Beitragsbild Bildnachweis: Außenfassade KUNST HAUS WIEN © Paul Bauer
Solltest du die Ausstellung im Kunst Haus Wien nicht gesehen haben oder sie noch einmal Revue passieren lassen wollen, habe ich hier meine Eindrücke für dich zusammengefasst. Zu Abbildungen der erwähnten Werke geht es über einen Klick auf den hervorgehobenen Werktitel.

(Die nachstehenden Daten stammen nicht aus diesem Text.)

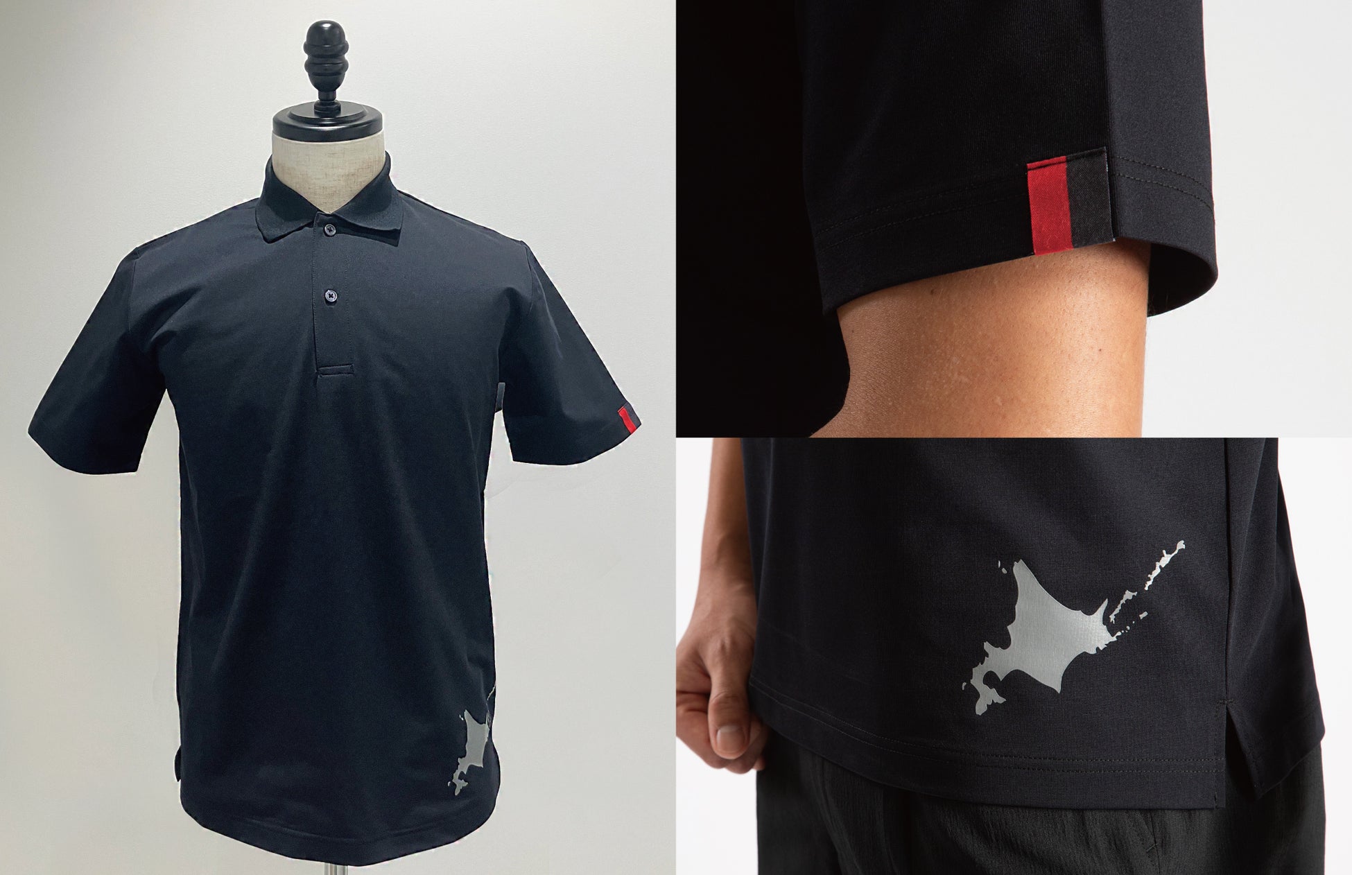 併せて、オリジナルモデルのポロシャツも数量限定で販売します。素材にはポリエステル100%の吸水速乾生地を採用したアイテムです。黒無地のボディをベースに、袖口にはチームカラーのワンポイント、裾口には北海道のシルエットをプリントしました。夏に向けて快適に着用いただける一着です。
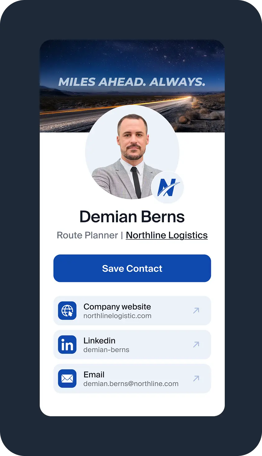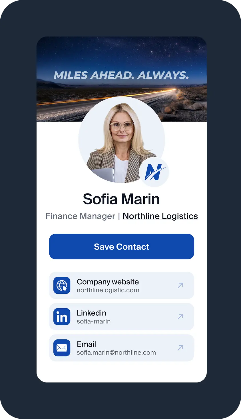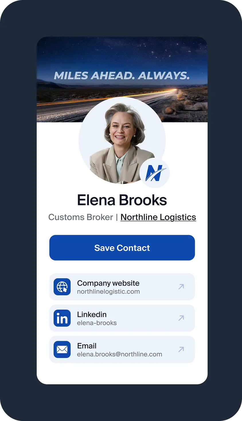 Your team can share cards via QR codes, links, Google Wallet and Apple Wallet so they are always ready wherever they go.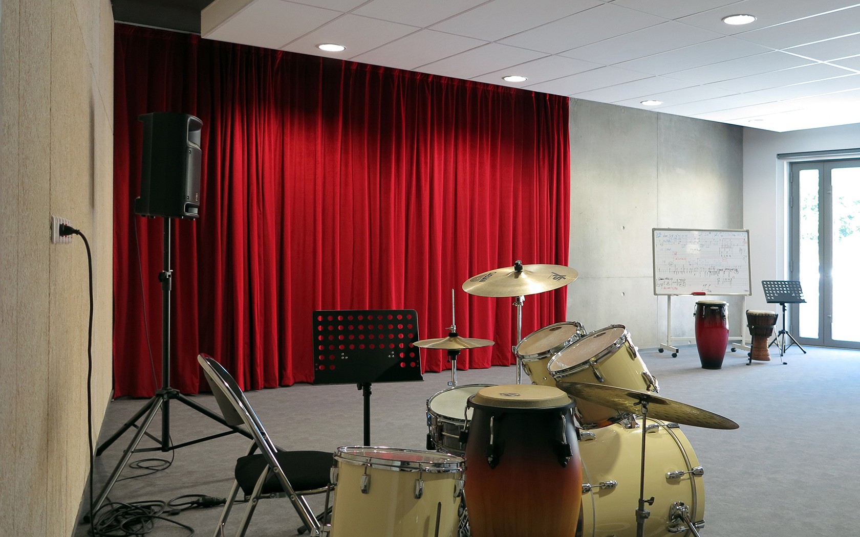 Le bâtiment est en béton isolé par l’extérieur sans aucun pont thermique. Sa structure béton s’est imposée pour formé un soutènement au terrain, mais aussi afin d’assurer une bonne isolation acoustique vis-à-vis des voisins. Une étude acoustique a par ailleurs permis de travailler sur les qualités sonores internes à l’école: salle de piano, de percussions- batterie et salle de chant.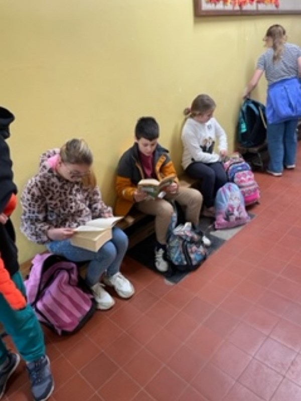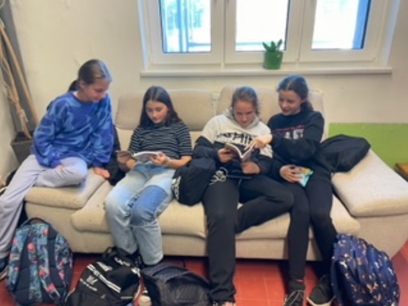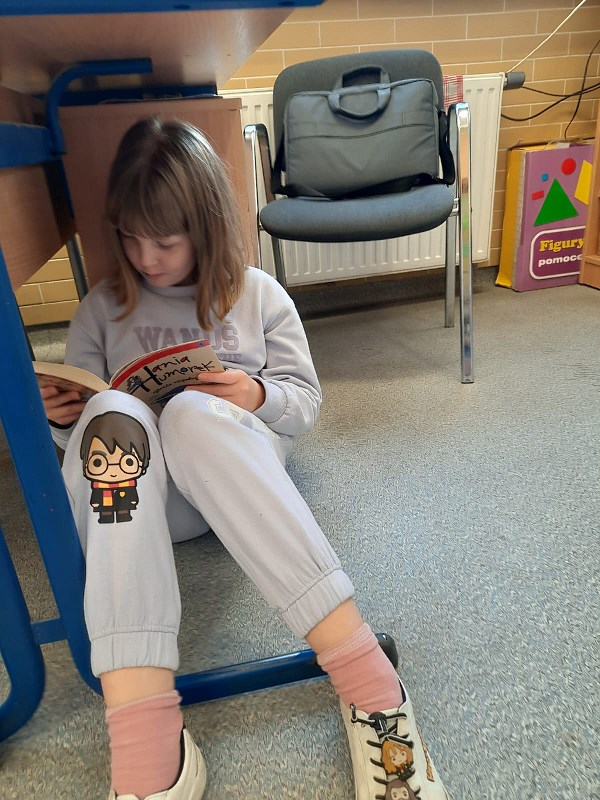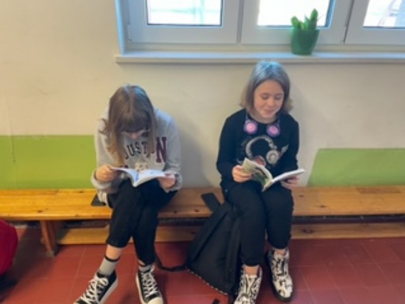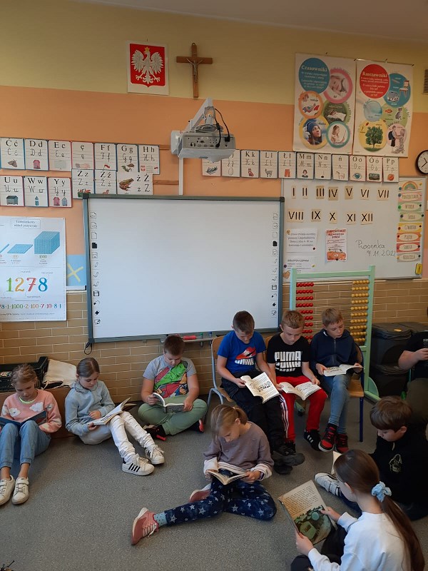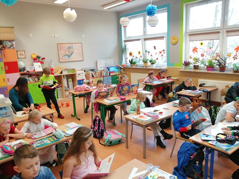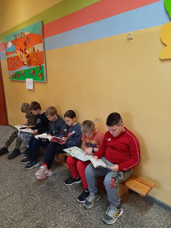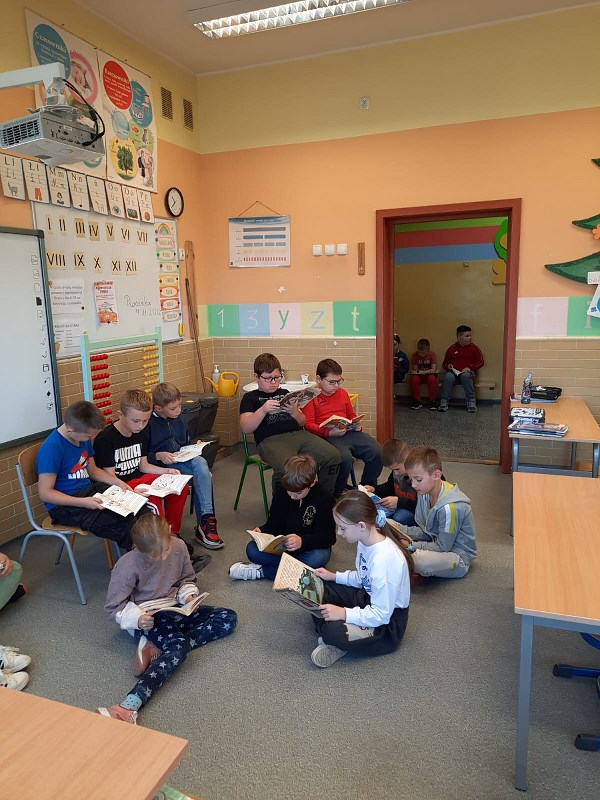 „Przerwa na czytanie była też świetną okazją do odwiedzenia szkolnej biblioteki, w której także został pobity rekord frekwencji. Przychodzili uczniowie indywidualnie, ale przyszła również cała klasa IIc. ,Ze swoją pierwszą wizytą do czytelni przybyli „ Podróżnicy” z zerówki, którzy tak się ucieszyli na widok różnych książek i książeczek, że postanowili wypożyczyć sobie po jednej do domu, co w szkolnej praktyce jest ewenementem, gdyż zazwyczaj pierwsze wypożyczenia zdarzają się pod koniec klasy pierwszej, gdy dzieci już samodzielnie czytają. Ale…może stanie się to nową tradycją. Podsumowując, można stwierdzić, że czytanie wśród uczniów ma się dobrze, choć niewątpliwie zdecydowanie lepiej wygląda to w klasach najmłodszych niż w najstarszych (widocznie starsi mają trochę inne zainteresowania), jednak nie musimy się martwić, że książki przestaną nam być potrzebne. Dlatego też szkoła dba o to, by w bibliotece było co czytać i kupuje nie tylko lektury, ale także nowości. Książki czekają na swoich czytelników.

Wien/Kunst Haus │ Bis zum 5. April 2021 lief im Kunst Haus Wien die Herbstausstellung Nach uns die Sintflut. Mit dem Wasser als verbindendes Element, stellt die Ausstellung die Kunst dem Klima gegenüber und lässt sie interagieren. Sie versammelt starke Positionen, die ästhetisch und doch schonungslos die klimatischen Transformationen und Krisen der Vergangenheit, Gegenwart und Zukunft aufzeigen – emotional, deutlich und leicht begreiflich. Zwischen Gletscherspalten, Überflutung und Dürre steht hier das wachsende Bewusstsein für globale Katastrophen und Zerstörung, als Auswirkung der Klimaveränderung und menschlicher Eingriffe in empfindliche Ökosysteme.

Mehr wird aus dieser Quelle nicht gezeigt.